Dymisja premiera na Ukrainie. W tle podsłuchy. Coś to przypomina?
Wyciekło nagranie, na którym głos premiera Ukrainy Ołeksija Honczaruka albo podobny, mówi o "prymitywnym" wyobrażeniu prezydenta Ukrainy Zełeńskiego o gospodarce. W wyniku tych taśm premier podał się do dymisji.
Honczaruk powiedział: "Przyszedłem na stanowisko, by realizować program prezydenta. Jest on dla mnie wzorcem otwartości i przejrzystości. Jednak by usunąć wszelkie wątpliwości na temat naszego szacunku i zaufania wobec prezydenta, napisałem podanie o dymisję i przekazałem je prezydentowi z prawem wniesienia do parlamentu”.
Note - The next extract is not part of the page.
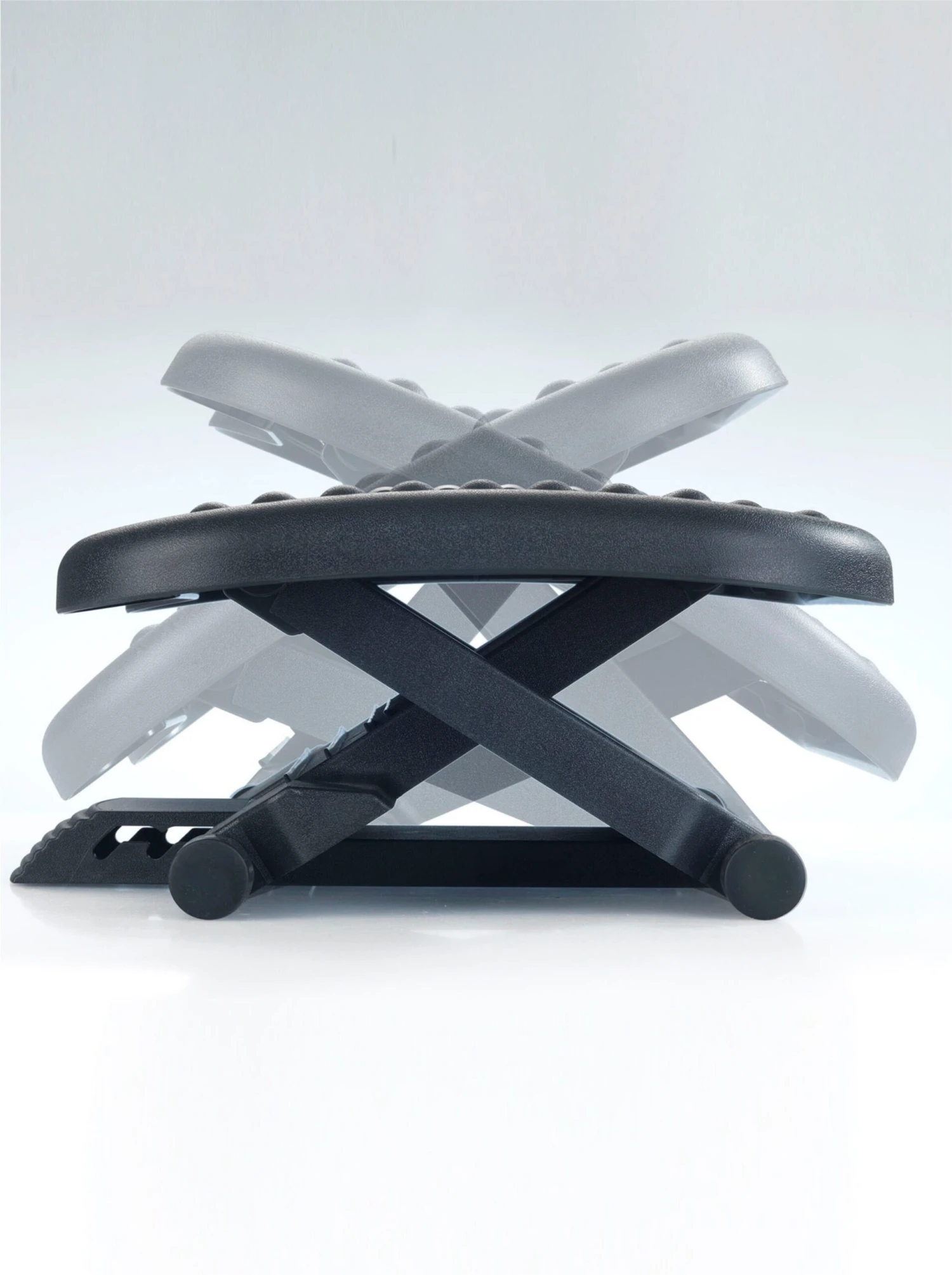 3-in-1 Fußstütze mit angenehmer Massagerolle und integrierter Wipp-Funktion. Perfekt für zuhause oder Büro. 3-fach höhenverstellbar und mit einem einstellbaren Neigungswinkel zwischen 0-30 Grad. Beschichtete Unterseite. Große, ergonomisch geformte Trittfläche. Maße Trittfläche ca. 44×33,5 cm. Höhe von 11-17 cm verstellbar.

Zasugerował też, że taśmy to efekt skutecznej walki z korupcją: "Na temat naszej ekipy powiem otwarcie: jest to zespół porządnych ludzi. Dlatego nie przestanę powtarzać, że na najwyższym szczeblu rządowym korupcji nie ma" .
Dodał również: "Niestety, w ciągu kilku miesięcy trudno jest zniszczyć mechanizmy kryminalne, które budowane były latami. Nie mamy prawa zatrzymywać się i nie zatrzymamy się! Niezależnie od tego, jak by chcieli tego nasi oponenci. Dlatego będą oni wykorzystywać każdą możliwość, by zniszczyć zaufanie ludzi do władz".
Przykład ten pokazuje, że nie tylko w Polsce służby grają taśmami, ale jest to zawsze przydatne narzędzie do walki politycznej. Prezydent Ukrainy zażądał, aby w ciągu dwóch tygodni ustalono kto stoi za podsłuchami.